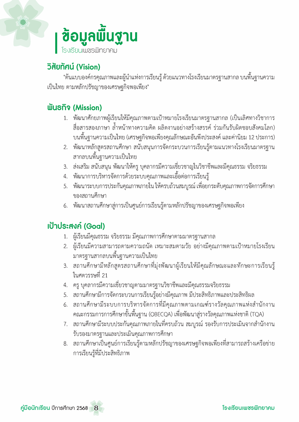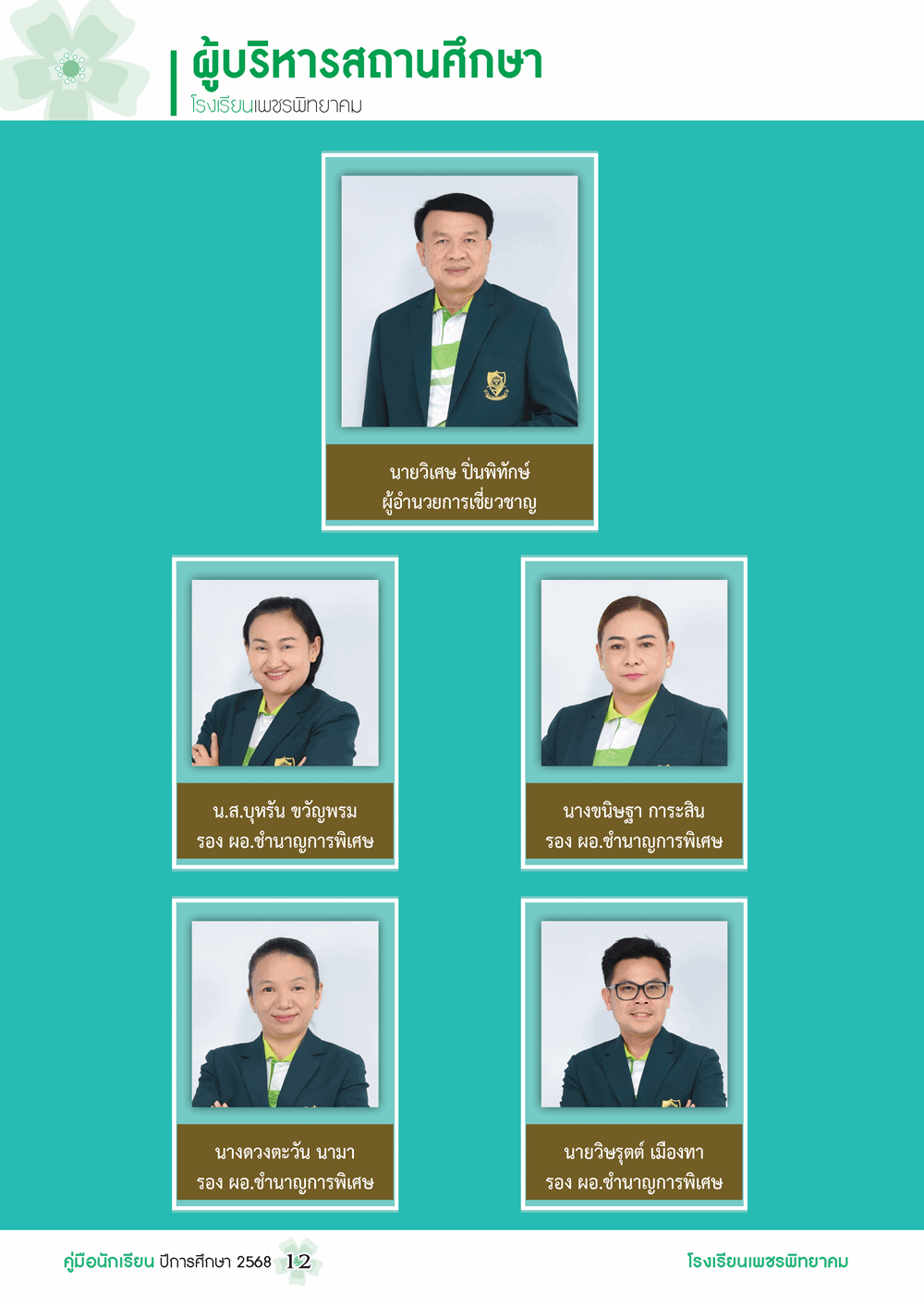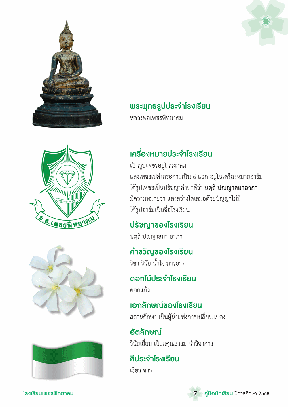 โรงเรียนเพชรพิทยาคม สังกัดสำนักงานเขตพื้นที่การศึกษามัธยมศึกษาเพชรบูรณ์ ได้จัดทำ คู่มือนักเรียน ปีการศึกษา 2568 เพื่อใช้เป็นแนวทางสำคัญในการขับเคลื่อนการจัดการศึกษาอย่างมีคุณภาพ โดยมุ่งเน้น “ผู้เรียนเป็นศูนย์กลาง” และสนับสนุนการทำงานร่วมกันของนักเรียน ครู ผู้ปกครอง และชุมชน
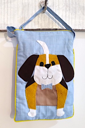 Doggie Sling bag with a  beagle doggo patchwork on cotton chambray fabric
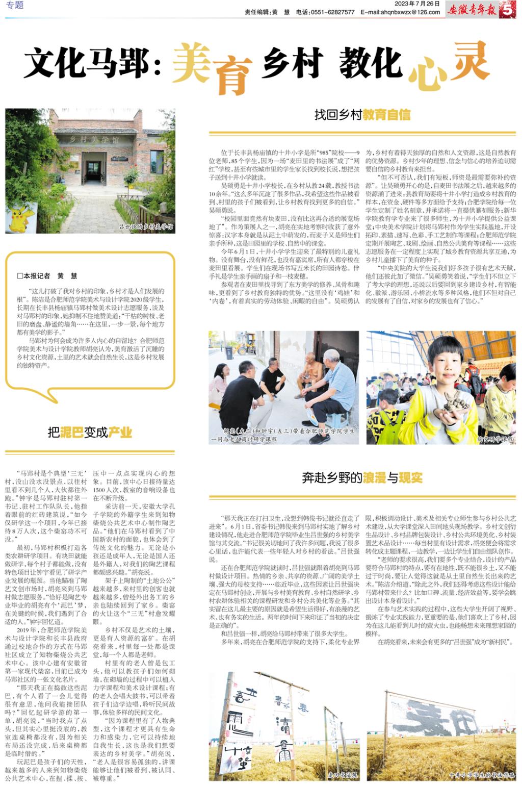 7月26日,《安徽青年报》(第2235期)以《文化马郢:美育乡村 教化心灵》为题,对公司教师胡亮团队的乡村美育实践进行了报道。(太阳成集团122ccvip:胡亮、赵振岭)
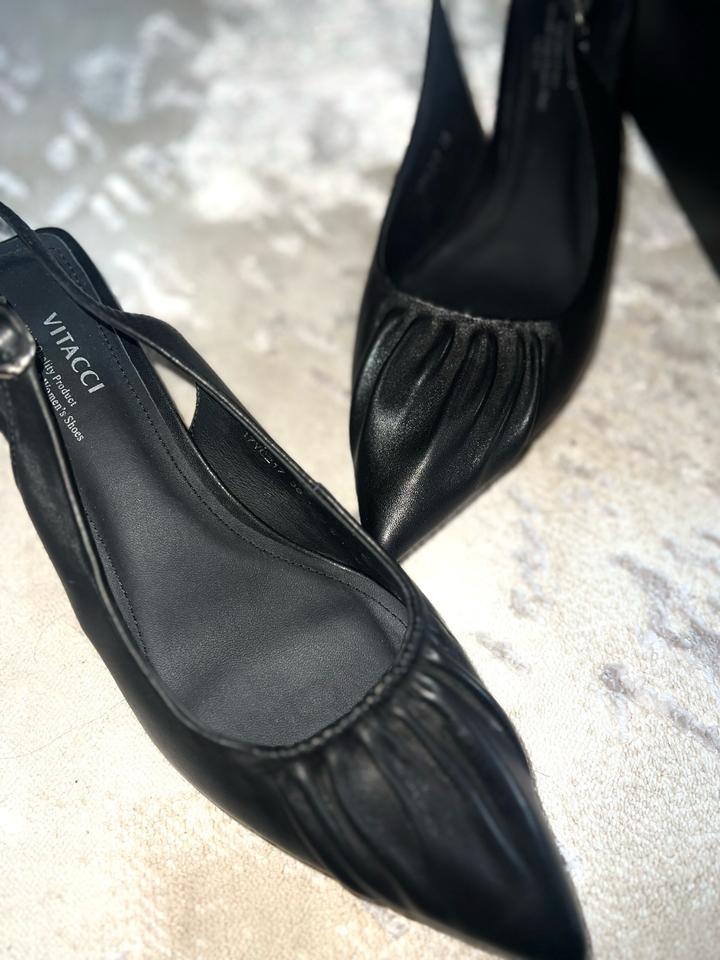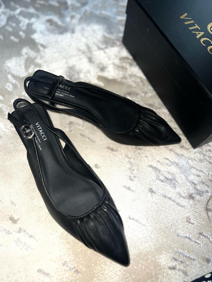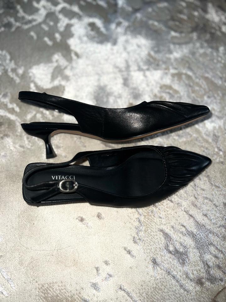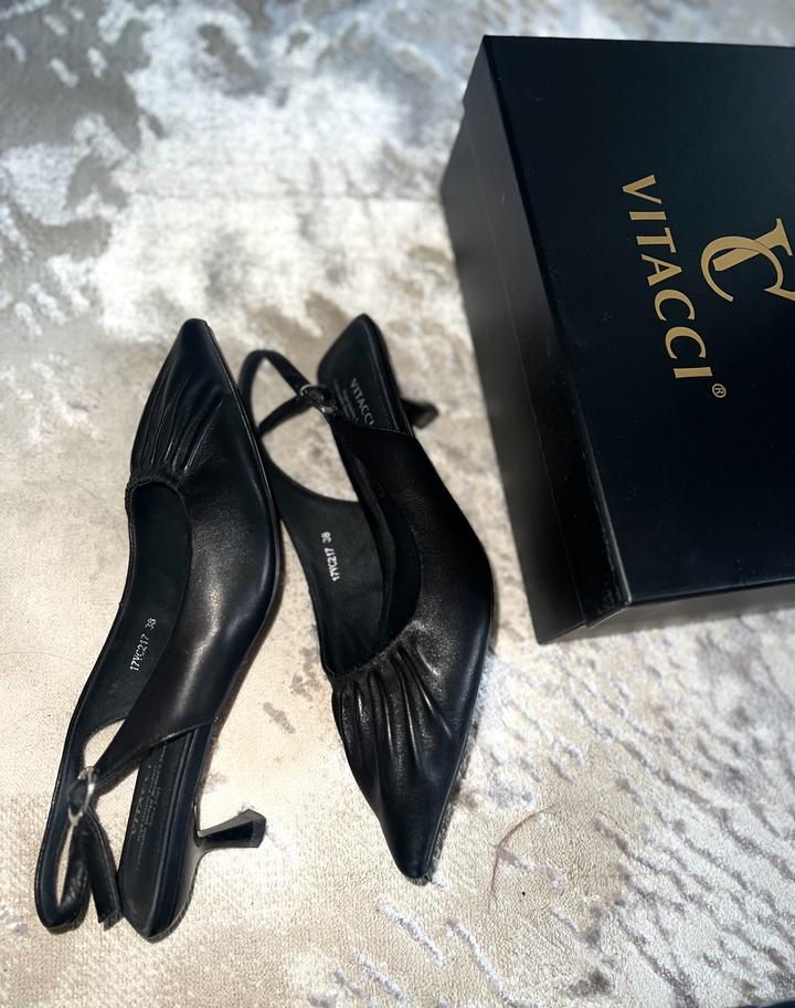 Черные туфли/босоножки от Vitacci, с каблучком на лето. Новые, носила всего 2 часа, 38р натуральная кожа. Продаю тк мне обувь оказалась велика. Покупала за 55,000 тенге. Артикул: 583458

------

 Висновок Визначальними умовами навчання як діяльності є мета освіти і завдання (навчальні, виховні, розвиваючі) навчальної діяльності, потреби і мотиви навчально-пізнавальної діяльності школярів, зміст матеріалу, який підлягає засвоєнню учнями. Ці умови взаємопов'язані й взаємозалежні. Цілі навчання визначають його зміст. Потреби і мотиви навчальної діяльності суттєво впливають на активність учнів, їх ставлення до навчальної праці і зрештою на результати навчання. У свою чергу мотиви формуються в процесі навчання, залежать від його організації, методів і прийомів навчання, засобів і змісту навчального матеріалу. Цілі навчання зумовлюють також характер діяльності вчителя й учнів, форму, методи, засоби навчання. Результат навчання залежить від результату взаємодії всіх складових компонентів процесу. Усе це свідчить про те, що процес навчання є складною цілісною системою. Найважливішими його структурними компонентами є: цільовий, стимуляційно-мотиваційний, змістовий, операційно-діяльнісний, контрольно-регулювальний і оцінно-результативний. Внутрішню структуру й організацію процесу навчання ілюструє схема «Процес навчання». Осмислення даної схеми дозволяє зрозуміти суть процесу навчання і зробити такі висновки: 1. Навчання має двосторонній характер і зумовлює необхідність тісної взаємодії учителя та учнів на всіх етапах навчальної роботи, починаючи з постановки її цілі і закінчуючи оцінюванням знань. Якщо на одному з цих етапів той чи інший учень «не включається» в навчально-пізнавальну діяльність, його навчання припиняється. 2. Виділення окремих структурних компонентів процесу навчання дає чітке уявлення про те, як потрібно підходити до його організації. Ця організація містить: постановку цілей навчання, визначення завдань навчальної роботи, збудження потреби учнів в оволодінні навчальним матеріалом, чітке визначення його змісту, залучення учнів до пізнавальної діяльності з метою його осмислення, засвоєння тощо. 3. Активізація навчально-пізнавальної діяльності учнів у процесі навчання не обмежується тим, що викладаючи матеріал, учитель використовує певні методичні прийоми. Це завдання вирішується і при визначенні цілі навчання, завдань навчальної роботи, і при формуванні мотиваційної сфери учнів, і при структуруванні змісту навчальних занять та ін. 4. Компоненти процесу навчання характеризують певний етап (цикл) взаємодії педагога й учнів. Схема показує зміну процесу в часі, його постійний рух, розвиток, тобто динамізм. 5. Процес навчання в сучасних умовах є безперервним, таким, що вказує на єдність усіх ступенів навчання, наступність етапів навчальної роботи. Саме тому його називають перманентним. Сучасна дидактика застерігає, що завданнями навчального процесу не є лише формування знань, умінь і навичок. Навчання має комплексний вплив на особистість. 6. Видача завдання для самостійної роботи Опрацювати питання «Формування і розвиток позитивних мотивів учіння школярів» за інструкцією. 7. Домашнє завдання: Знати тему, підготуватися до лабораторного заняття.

------

### WHAT YOU SHOULD DO
In the records above, everything from the line with "ครู ผู้ปกครอง และชุมชน" down to the line with "Черные туфли/босоножки от" must be duplicated exactly, both lines kept. Leave no pictures in.

### TASK RESPONSE
 โรงเรียนเพชรพิทยาคม สังกัดสำนักงานเขตพื้นที่การศึกษามัธยมศึกษาเพชรบูรณ์ ได้จัดทำ คู่มือนักเรียน ปีการศึกษา 2568 เพื่อใช้เป็นแนวทางสำคัญในการขับเคลื่อนการจัดการศึกษาอย่างมีคุณภาพ โดยมุ่งเน้น “ผู้เรียนเป็นศูนย์กลาง” และสนับสนุนการทำงานร่วมกันของนักเรียน ครู ผู้ปกครอง และชุมชน
 Doggie Sling bag with a  beagle doggo patchwork on cotton chambray fabric
 7月26日,《安徽青年报》(第2235期)以《文化马郢:美育乡村 教化心灵》为题,对公司教师胡亮团队的乡村美育实践进行了报道。(太阳成集团122ccvip:胡亮、赵振岭)
 Черные туфли/босоножки от Vitacci, с каблучком на лето. Новые, носила всего 2 часа, 38р натуральная кожа. Продаю тк мне обувь оказалась велика. Покупала за 55,000 тенге. Артикул: 583458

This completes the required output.